• **ACTIVITY**:
Repeat the data in full. Drop every picture.

• **INFORMATION PROVIDED**:
━━━━━━

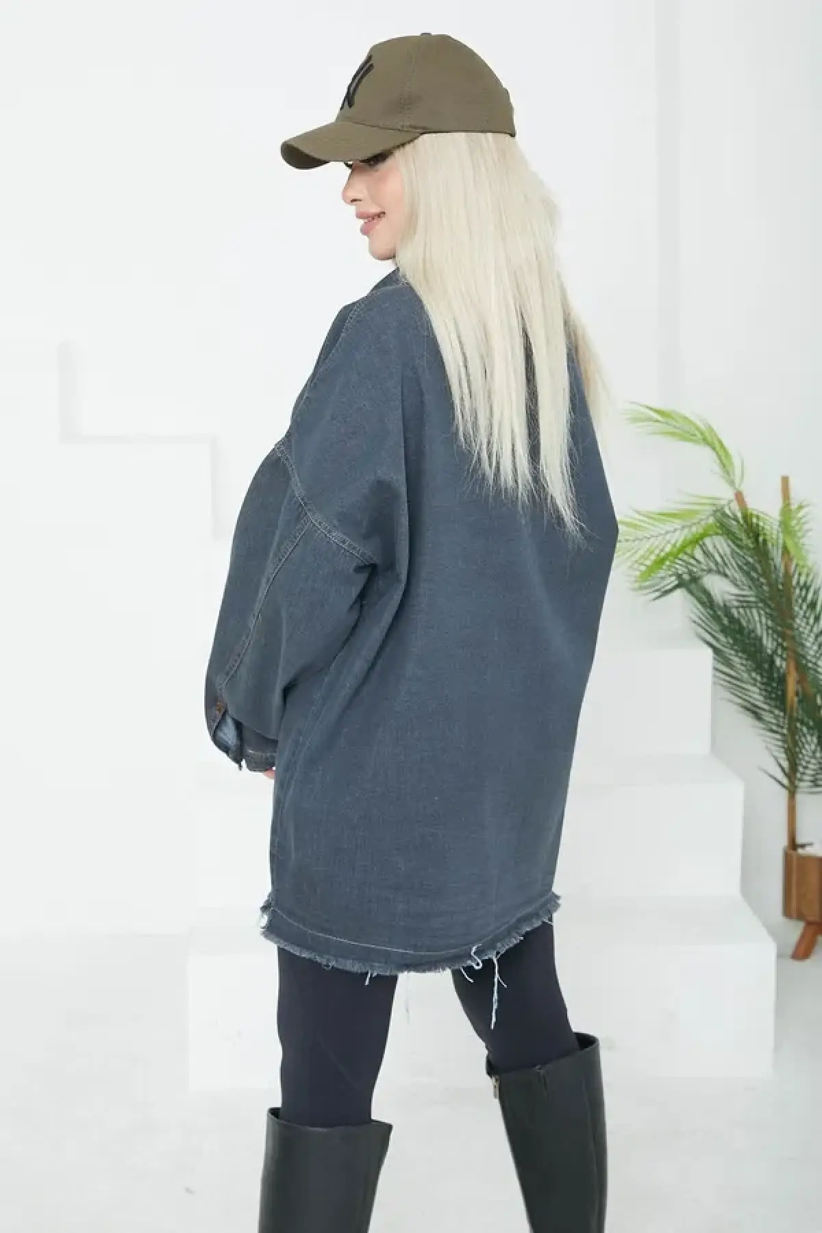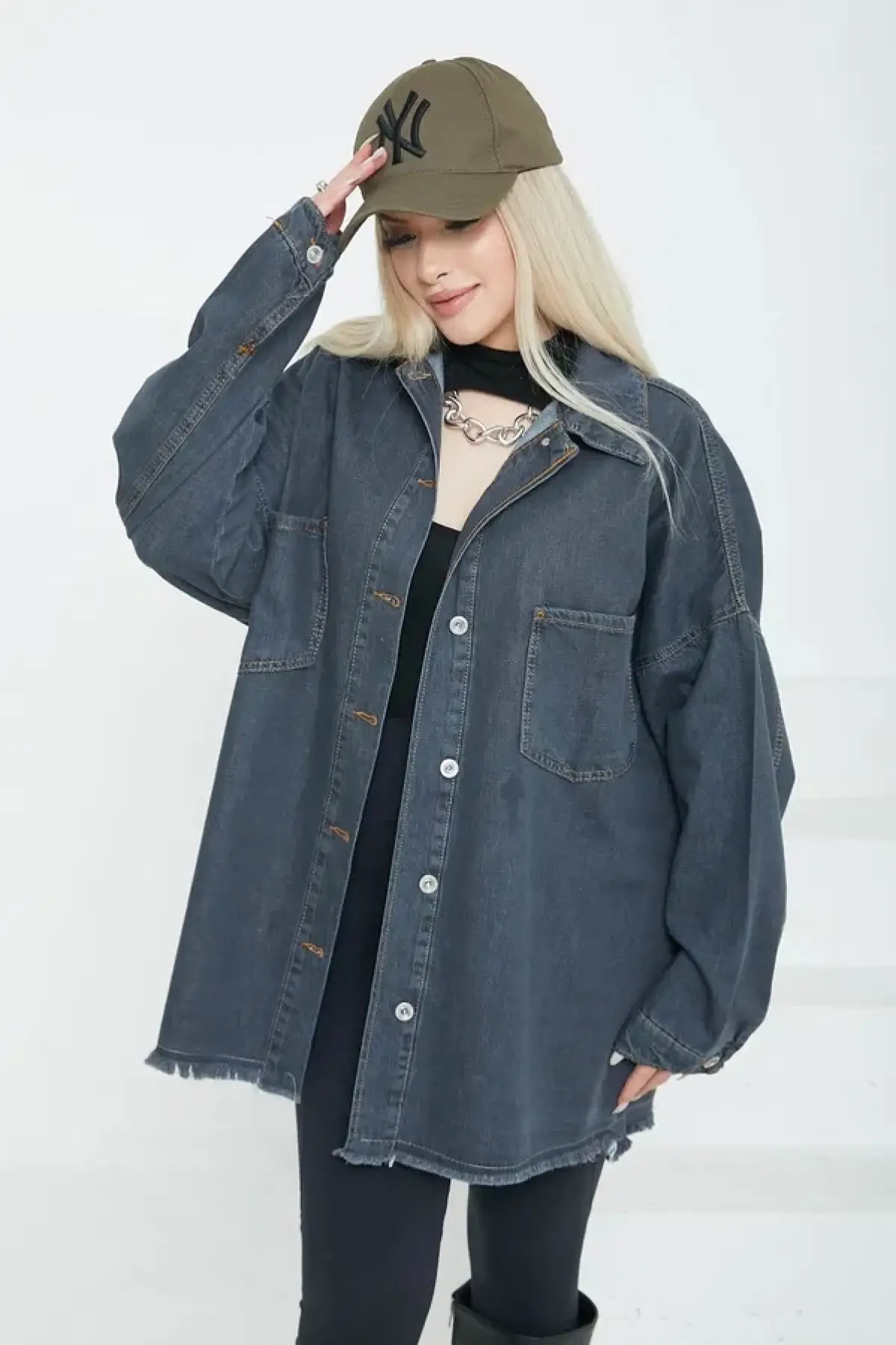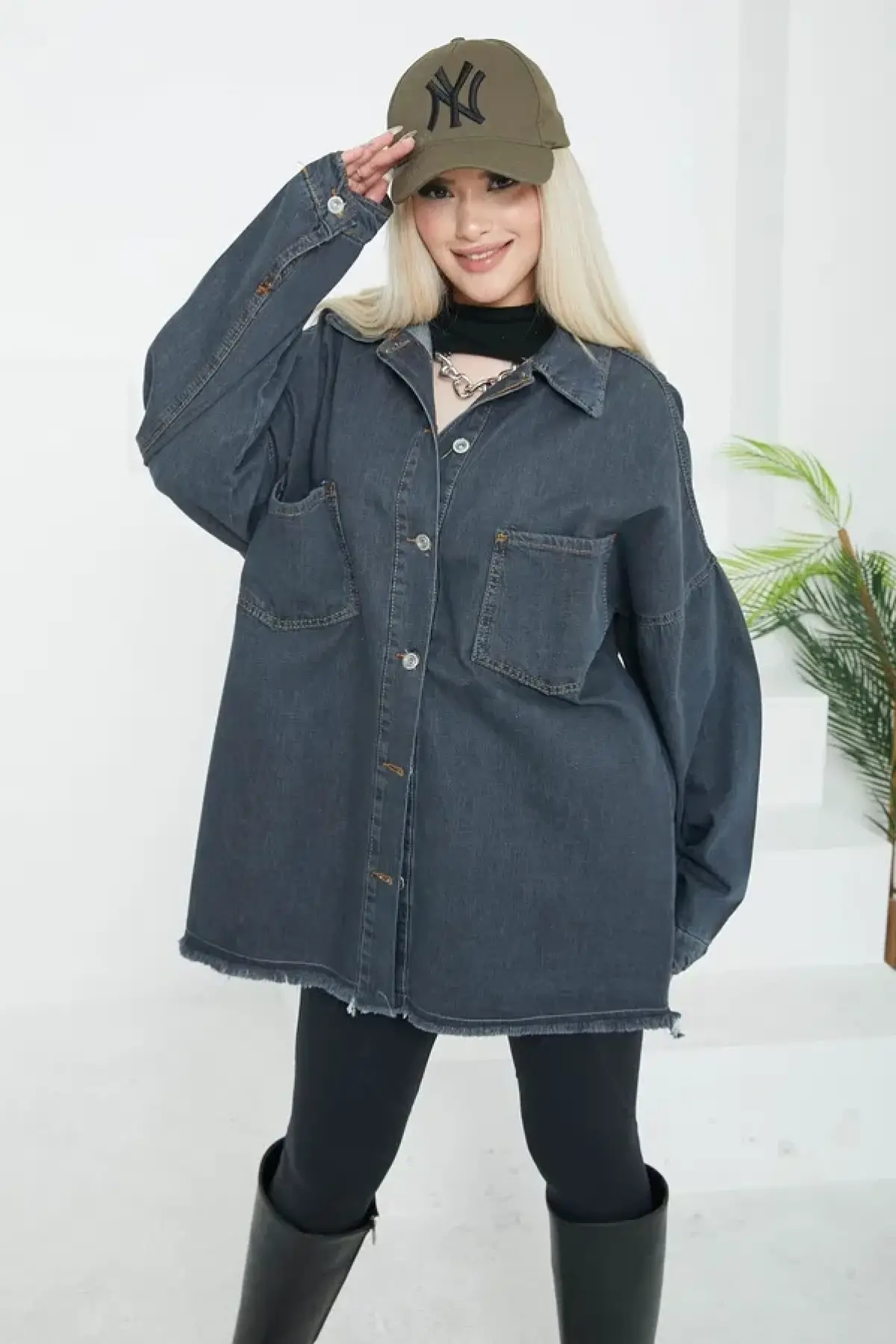 Kadın Çift Cepli Püskül Detay Kot Ceket
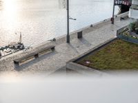 An elevated view of Bremerhaven's city life with the harbor in the foreground. The high road surfaces and cobblestone streets are lined with street lights. Urban design meets the jetty and landing boats along the pier.
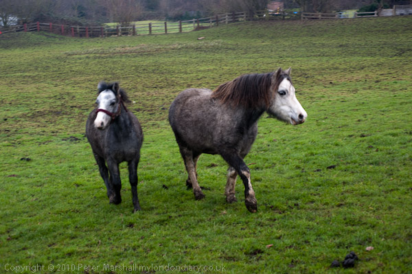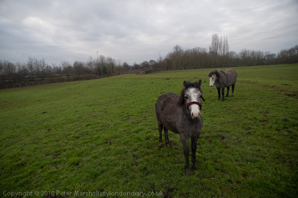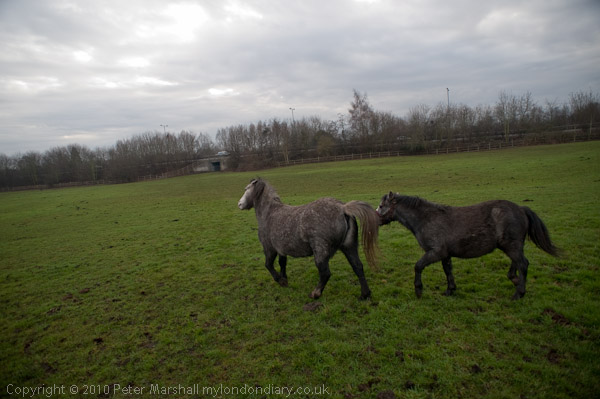 Ponies gambol close to the site of an ancient settlement to the north of Staines

━━━━━━

• **ANSWER BOX**:
 Kadın Çift Cepli Püskül Detay Kot Ceket
 An elevated view of Bremerhaven's city life with the harbor in the foreground. The high road surfaces and cobblestone streets are lined with street lights. Urban design meets the jetty and landing boats along the pier.
 Ponies gambol close to the site of an ancient settlement to the north of Staines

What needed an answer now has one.